Kubernetes is powerful but verbose. Deploying a single ML service typically requires writing a Deployment, a Service, an Ingress, a cert-manager Certificate or annotation, and optionally a KServe InferenceService — five resources, hundreds of lines of YAML, and a maintainability burden that compounds with every new component you add.
The WarbleApp CRD collapses all of that into a single resource. This post walks through how the operator works, what it creates, and how to write your first manifest.
What a WarbleApp creates
| Resource | Created when | Key fields set by operator |
|---|---|---|
Deployment | Always | Image, replicas, containerPort, nodeSelector warble.io/pool=workload, env vars |
Service | Always | ClusterIP, port + targetPort from spec.port (default 8080) |
Ingress | ingress.enabled: true | nginx class, cert-manager letsencrypt-prod, TLS secret <name>-tls |
InferenceService | mlServing.enabled: true | Model URI, runtime, GPU request, namespace warble-models |
All four are owned by the WarbleApp. Delete the CR and all four are garbage-collected. Update the image tag and the Deployment rolls out automatically.
A minimal manifest
apiVersion: warble.io/v1alpha1
kind: WarbleApp
metadata:
name: sentiment-api
namespace: warble-system
spec:
stack: api
image: warbleoss.azurecr.io/sentiment-api:v1.2.0
replicas: 2
port: 8000 # FastAPI — not the default 8080
resources:
requests: {cpu: 250m, memory: 256Mi}
limits: {cpu: "1", memory: 512Mi}
ingress:
enabled: true
host: sentiment.frakma.io
tlsEnabled: true
env:
- name: MODEL_NAME
value: sentiment-v2
- name: DATABASE_URL
valueFrom:
secretKeyRef: {name: app-secrets, key: DATABASE_URL}
Apply it: kubectl apply -f sentiment-api.yaml.

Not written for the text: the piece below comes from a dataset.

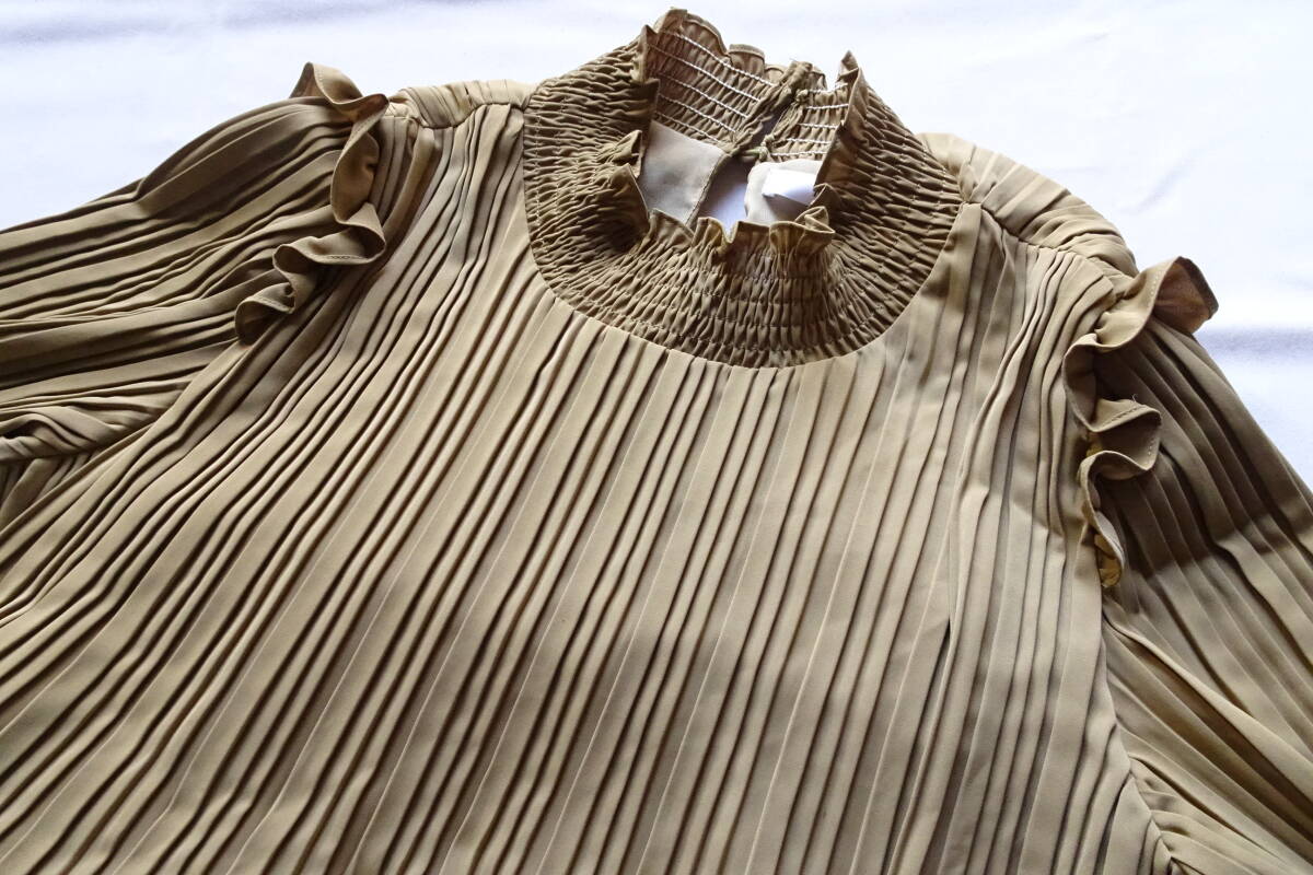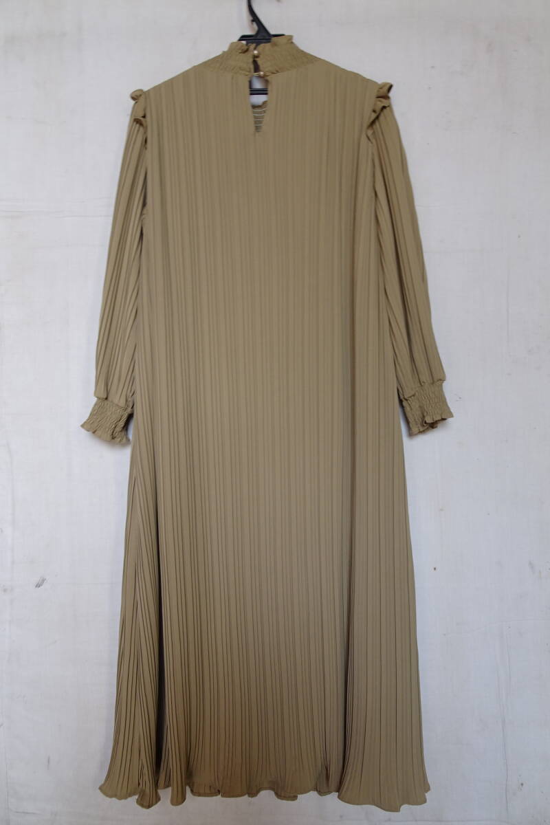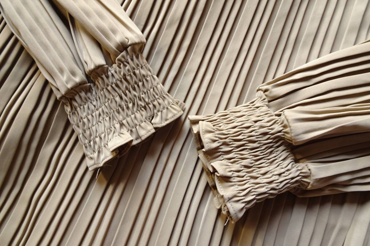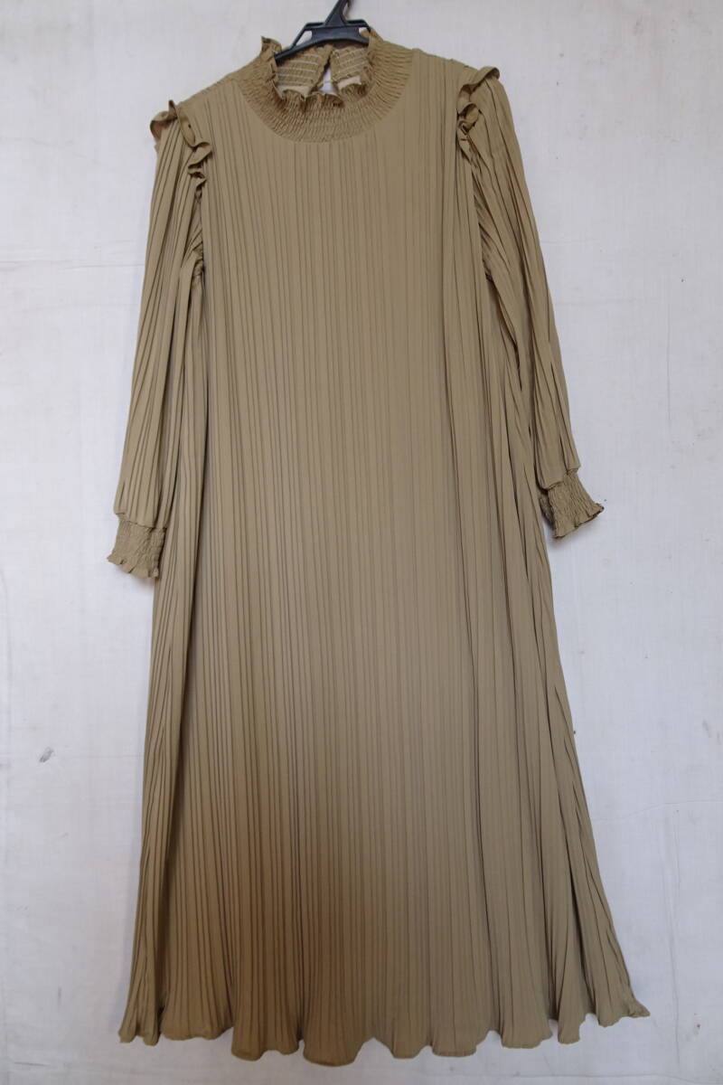 fifth/フィフス/長袖ワンピース/ストレートロング丈/プリーツ生地/首ぐり・袖口シャーリングゴム/肩フリル/ベージュ系カーキ(3/11R)

Within seconds, the operator has created all four owned resources and the status reflects the Deployment's rollout progress.
Checking status
kubectl get wapp -n warble-system
NAME STACK REPLICAS PHASE AGE
sentiment-api api 2 Running 2m
kubectl describe wapp sentiment-api -n warble-system
# Events show each reconcile step and any errors
Adding KServe model serving
For components that both serve an API and expose a model endpoint, add the mlServing block. The operator creates a KServe InferenceService alongside the Deployment:
spec:
# ... existing fields ...
mlServing:
enabled: true
modelUri: "azureblob://warbleosstate/mlflow-artifacts/sentiment/v2"

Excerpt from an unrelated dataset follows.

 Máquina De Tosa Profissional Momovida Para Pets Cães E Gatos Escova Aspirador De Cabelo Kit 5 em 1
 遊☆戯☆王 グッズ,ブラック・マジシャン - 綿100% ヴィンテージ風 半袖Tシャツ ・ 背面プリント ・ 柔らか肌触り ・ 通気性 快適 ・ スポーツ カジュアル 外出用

runtime: mlserver # triton | mlserver | torchserve | ollama
gpuEnabled: false
The InferenceService is created in the warble-models namespace with the model URI from MLflow's artifact store. KServe handles autoscaling, canary traffic splitting, and health-checking the model runtime independently of the application Deployment.

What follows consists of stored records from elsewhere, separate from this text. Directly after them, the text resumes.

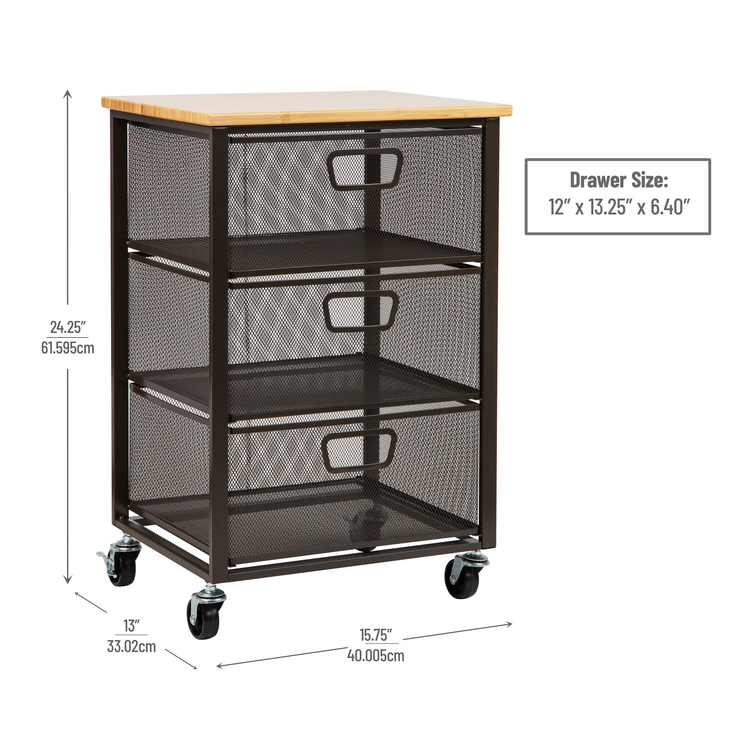 Minimalist design: The mix of mesh and solid metal framing makes this rolling file cabinet both attractive and sophisticated in your home or office Saves space: The slim design includes three removable drawers to organize your small desk items, books, and pads Easy to move: With four caster wheels, you can move this organizer to your desk, closet, or another room with ease Durable and easy to clean: This rolling file cabinet is made with durable materials and is easily cleaned with mild soap and a soft cloth Dimensions: This rolling file cabinet measures 15.75 long x 13 wide x 24.25 inches tall (40.01 x 33.02 x 61.60 centimeters) and weighs 11.2 lbs (5.08 kgs), this portable storage cart is the perfect size for maximizing space
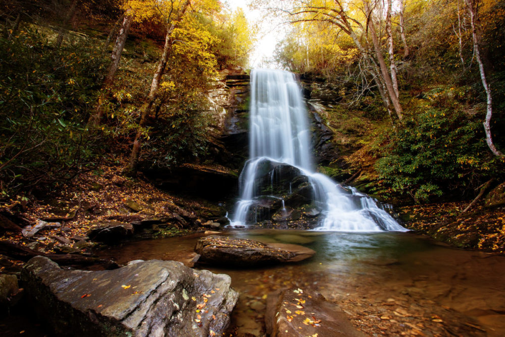 Autumn image of Upper Catawba Falls, located in McDowell County, near Old Fort, North Carolina. Mountain Waterfall, NC
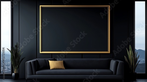 Elegant Interior with Dark Sofa, Gold Frame Artwork, Minimalist Design, and Scenic Window Views.
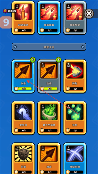 4、對(duì)攻擊類卡牌進(jìn)行升級(jí),提升攻擊屬性,增強(qiáng)英雄在戰(zhàn)斗中的輸出能力。
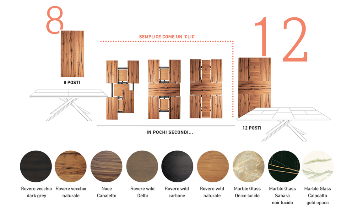 Allungare e allargare il tavolo è facile: le guide del meccanismo studiato dall’architetto progettista Giulio Manzoni sono magnetiche e le allunghe (già ‘nascoste’ sotto il tavolo) si aprono e si agganciano in un attimo! E ci sono tantissime finiture a disposizione, dal legno all'effetto marmo.
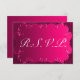 Ce mariage charmant RSVP en rose fushia présente un beau thème vintage qui rappelle le parchemin ancien, avec un cadre élégant d'éléments de défilement et de courbes cramoisi. Le cadre pivotant ornemental entoure la typographie classique en blanc, avec le titre R.S.V.P. traditionnel. Le verso de la carte contient tous les détails nécessaires, comme la place pour les noms des invités et les options pour leur présence/non-présence.

The port field: why it matters
The reconciler's first version hardcoded port 8080 everywhere — Service port, targetPort, and Ingress backend. This was fine for Go services but broke FastAPI (8000) and Next.js (3000). Rather than adding a PORT=8080 env var hack to every non-standard service, we added a port: field to the spec:
# In types.go
// +kubebuilder:default=8080
Port int32 `json:"port,omitempty"`
// In the reconciler — one helper, three callsites
func appPort(app *warblev1alpha1.WarbleApp) int32 {
if app.Spec.Port > 0 { return app.Spec.Port }
return 8080
}
The +kubebuilder:default=8080 marker sets the OpenAPI default in the CRD schema, so existing manifests that don't specify port: continue to work without change — fully backwards-compatible.
Reconciler architecture
The controller follows the standard kubebuilder pattern: fetch the CR, reconcile each owned resource via create-or-update, then update the status subresource with the current Deployment replica count.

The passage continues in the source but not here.